• _Records for this exercise_:
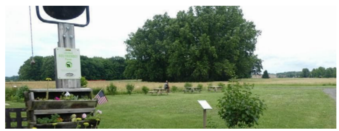
Demonstration area of BFFC with variety of plants
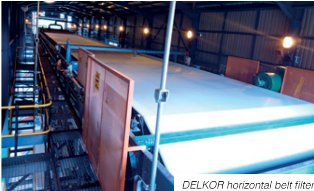
DELKOR horizontal belt filter

Dewatered tailings can either be used as mine backfill or sent straight to the Dry Stack Tailings (DST) impoundment. This results in a technically viable and economically feasible solution to handle process plant tailings in the safest and most environmentally friendly manner. DELKOR filters can be employed as stand-alone machines or in combination with other filtration processes.
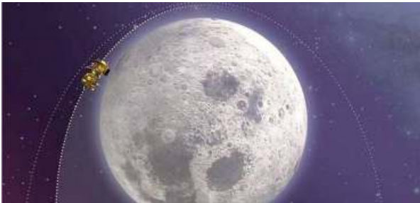
On track: Chandrayaan-2 completed an action lasting nearly 20 minutes to bring the spacecraft closer to the Moon.

Chandrayaan-2 narrowed its distance from the Moon after a manoeuvre on Wednesday morning. The Indian Space Research Organisation (ISRO) said it completed the third orbit action lasting nearly 20 minutes to bring the spacecraft closer to the Moon. It was done from the Mission Operations Complex at ISTRAC in Bengaluru.
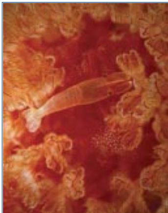
Reclining Emperor Shrimp (Malcolm Hey) - highly commended in the underwater world section

IT'S THAT time of the year again - time to get snapping whilst out diving in a bid to win the Underwater World category in the Shell Wildlife Photographer of the Year competition.
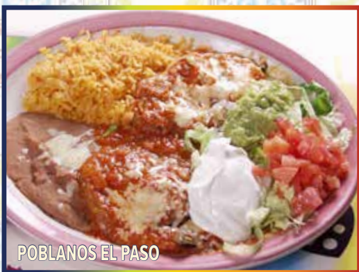
POBLANOS EL PASO
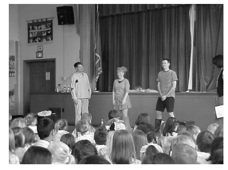
Young Author's Day: My Father's Dragon and signing shirts! More pictures at www.arborheights.com
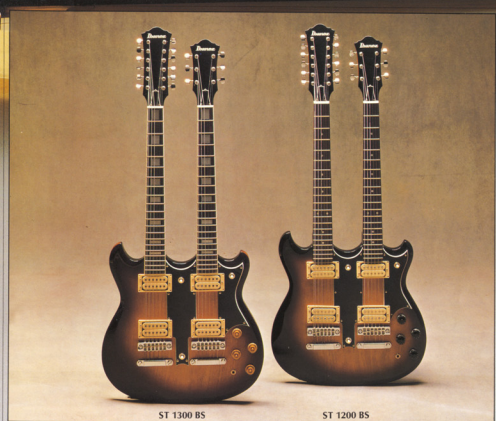
ST 1300 BS

Body: Mahogany Neck: Laminated Rock Maple Fingertboard: Rosewood with 24 frets Scale: 25 1/2" Pickups: V-2 Controls: Master volume, master tone Bridge: Gibraltar Tailpiece: Quik-Change Tuners: Velve-Tune II 18 to 1 ratio Hardware: None Ni-Chrome plated Finishes: Brown Sunburst (BS), Black (BK)
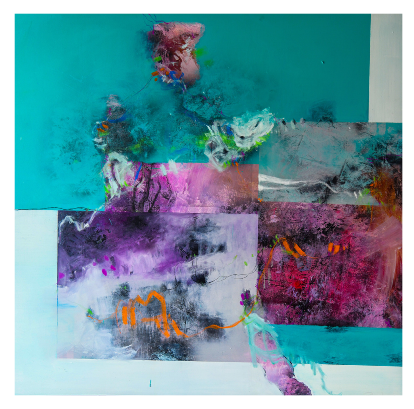
Garis Pagi Oil on canvas | 152 x 152 cm | 2022 | MYR 8,750.00

• _Task description_: Write every line above again exactly, but leave the pictures out.

• _Output for this exercise_:
Demonstration area of BFFC with variety of plants
DELKOR horizontal belt filter

Dewatered tailings can either be used as mine backfill or sent straight to the Dry Stack Tailings (DST) impoundment. This results in a technically viable and economically feasible solution to handle process plant tailings in the safest and most environmentally friendly manner. DELKOR filters can be employed as stand-alone machines or in combination with other filtration processes.
On track: Chandrayaan-2 completed an action lasting nearly 20 minutes to bring the spacecraft closer to the Moon.

Chandrayaan-2 narrowed its distance from the Moon after a manoeuvre on Wednesday morning. The Indian Space Research Organisation (ISRO) said it completed the third orbit action lasting nearly 20 minutes to bring the spacecraft closer to the Moon. It was done from the Mission Operations Complex at ISTRAC in Bengaluru.
Reclining Emperor Shrimp (Malcolm Hey) - highly commended in the underwater world section

IT'S THAT time of the year again - time to get snapping whilst out diving in a bid to win the Underwater World category in the Shell Wildlife Photographer of the Year competition.
POBLANOS EL PASO
Young Author's Day: My Father's Dragon and signing shirts! More pictures at www.arborheights.com
ST 1300 BS

Body: Mahogany Neck: Laminated Rock Maple Fingertboard: Rosewood with 24 frets Scale: 25 1/2" Pickups: V-2 Controls: Master volume, master tone Bridge: Gibraltar Tailpiece: Quik-Change Tuners: Velve-Tune II 18 to 1 ratio Hardware: None Ni-Chrome plated Finishes: Brown Sunburst (BS), Black (BK)
Garis Pagi Oil on canvas | 152 x 152 cm | 2022 | MYR 8,750.00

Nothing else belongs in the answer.